# Chameleons found during raid



## FNQ_Snake (Jan 9, 2009)

*Published: *09 Jan 09 
*Source: *http://www.news.com.au

Just saw this article this morning. Interesting they found chameleons as well?

*Guns, explosives 'found in secret room'*

AAP
January 09, 2009 06:29am

A LARGE cache of weapons, explosives and a number of illegally-owned native animals were found in a raid at a home in Newcastle, New South Wales, police say.

Drug unit and special operations police allegedly found a secret room hidden behind timber panelling on the second floor of the property in Hanbury Street, Mayfield. 

"Police allege the room contained 16 rifles and shotguns, six handguns, including replicas, silencers, a crossbow, a slingshot, a large quantity of gun parts and thousands of rounds of ammunition," police said.

"On the ground level of the home, police allegedly located two more rifles, including a loaded weapon hidden under a bed. A target pistol was also seized."

National Parks and Wildlife Service  officers were called to the property after police found a 
number of animals believed to be held without relevant permits. 

The animals included bearded dragons, turtles, chameleons, water dragons and frogs. 
Elsewhere at the address police allege they found goods suspected of being stolen, including jewellery and rare coins, brand new plasma televisions, a large quantity of power tools and a motorcycle. 
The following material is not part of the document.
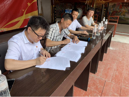 71日上午,在纪念建党98周年之际,浙江工贸职业技术学院温州文化创意学院(信息与传媒分院)与永嘉县碧莲镇小渠村共建“产学研基地”战略合作联盟签约仪式在小渠村的文化礼堂隆重举行。出席签约仪式的人员有浙江工贸职业技术学院信息与传媒学院文创党支部全体党员及部分师生代表共计12人、碧莲镇相关领导、小渠村党支部及相关人员、部分老年人代表。小渠村党总支书记汤海伦、浙江工贸职业技术学院温州文化创意学院副院长吴同喜分别发表了致辞,向村民介绍了村校联合党建、合作项目以及发展规划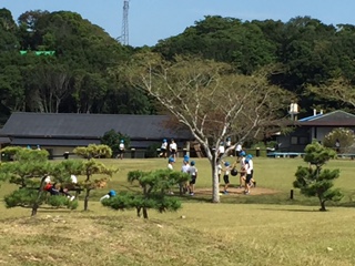 広々とした芝生広場で,思い切り楽しんでいます。

"Also found was a stash of power gel explosives, detonator cord and a mortar," police said. 
"Those items have been collected for disposal by explosives experts from RAAF Williamtown."


----------



## euphorion (Jan 9, 2009)

umm, lol?


----------



## DanTheMan (Jan 9, 2009)

Illegally owned native animals?
Didn't realise Chameleons were native....


----------



## whiteyluvsrum (Jan 9, 2009)

mortar round, impressive.


----------



## dailyskin (Jan 9, 2009)

Man I would love chameleons


----------



## Kirby (Jan 9, 2009)

DanTheMan said:


> Illegally owned native animals?
> Didn't realise Chameleons were native....



native to newcastle  

lol.


----------



## falconboy (Jan 9, 2009)

Sounds like they'd be lovely neighbours. :shock:


----------



## dailyskin (Jan 9, 2009)

My ex boyfriend used to have these total ****wit 'mates' who were bikers in the worst way... They had all sorts of illegal weapons and stuff, and these dogs that were fenced in so small, it was really cruel  They had reprtiles, looking back I realllly doubt they were registered.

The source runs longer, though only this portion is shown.